Dans les systèmes multiphasiques, comme c’est le cas de la pâte cimentaire, les réactions de dissolution et de précipitation peuvent être simultanées pour différentes espèces. Etant donné que le système tend systématiquement vers l’équilibre, il est donc possible de prédire son évolution à partir de sa composition initiale. Deux approches sont utilisées pour le calcul d’équilibre : l’approche de la loi d’action de masse (LMA) qui est une approche stœchiométrique et l’approche de minimisation d'énergie de Gibbs (GEM) (approche non stœchiométrique). La première se base sur la résolution des équations d’action de masse, c'est- à-dire les équations qui tiennent compte de l’état d’équilibre des réactions. La deuxième approche consiste à minimiser la fonction d'énergie de Gibbs du système, ce qui n'exige aucune relation stœchiométrique entre les espèces sous forme de réactions. Comme on l’a vu précédemment, les deux formulations mathématiques sont fondamentalement équivalentes, même si les algorithmes pour les résoudre sont très différents et chacune a ses propres avantages et inconvénients. De plus, l’équilibre reste supposé dans les deux cas, chose qui assure la non-violation des règles de phases.

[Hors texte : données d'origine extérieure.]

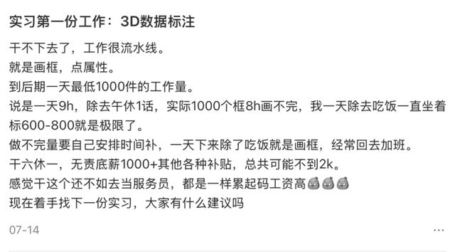 When the topic of data annotation arises, many still recall scenes from a few years back: In outsourcing hubs across second- and third-tier cities, hundreds of workers would sit in rows, eyes fixed on screens as they meticulously outlined vehicles, pedestrians, and traffic lights in images. These tasks, with their extremely low barriers to entry, required no prior training and compensated workers on a per-piece basis. Completing a thousand annotations would yield a meager 200 yuan.
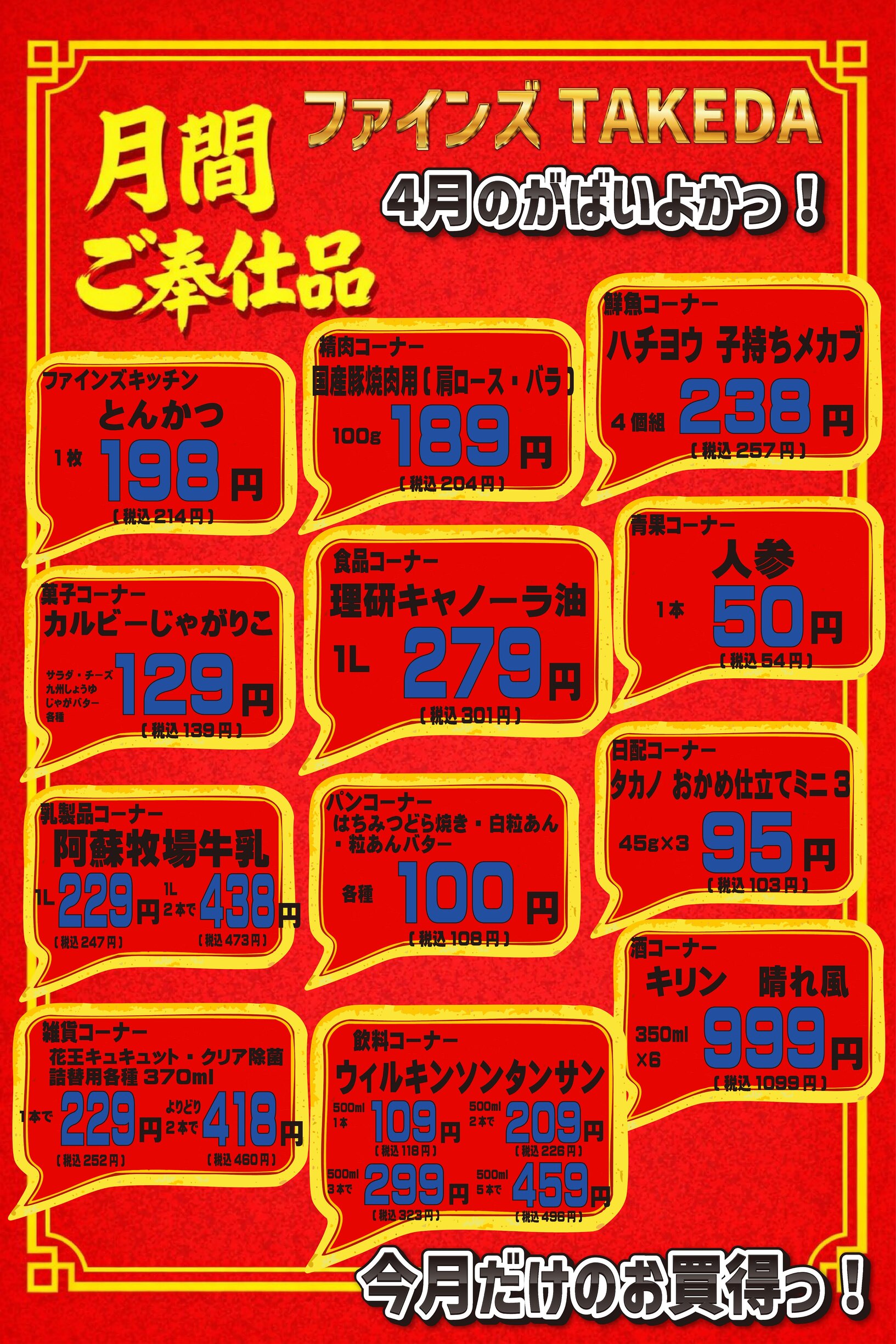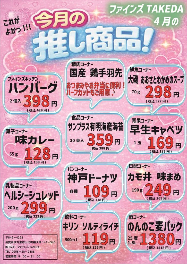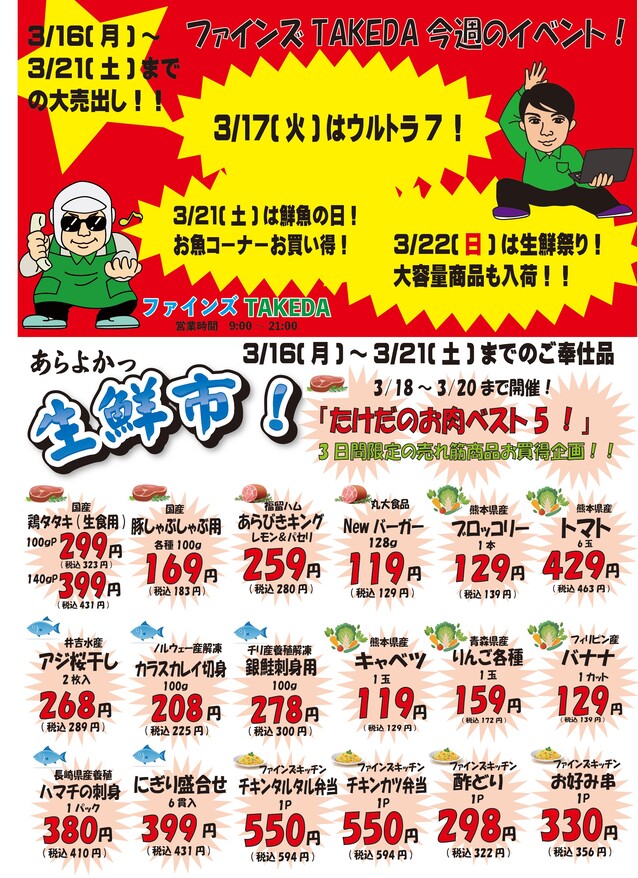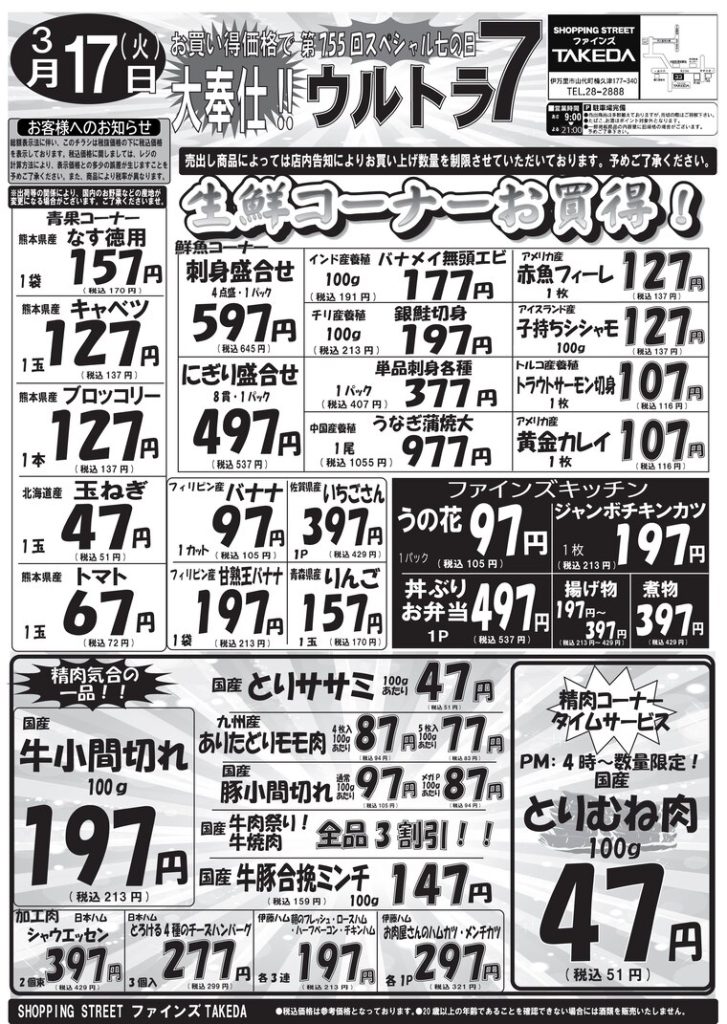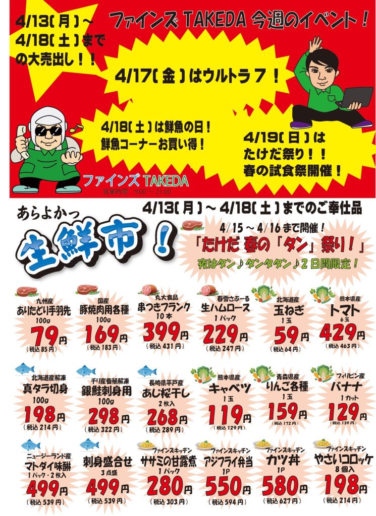 チラシ掲載No. 1サイト『トクバイ』のアプリでファインズたけだのタイムサービス情報をチェックできます!毎日日替わりのお買い得品を掲載!夕方4時からたけだに行ってお買いどくゥ〜♪

L’approche LMA reste la plus utilisée pour les équilibres en milieux aqueux, elle est incorporée dans la majorité des solveurs géochimiques et les codes de transport réactifs [1]. Ceci est dû à plusieurs raisons qui incluent des facteurs historiques, la commodité, la simplicité et la disponibilité des données thermodynamiques (constantes d'équilibre des réactions K).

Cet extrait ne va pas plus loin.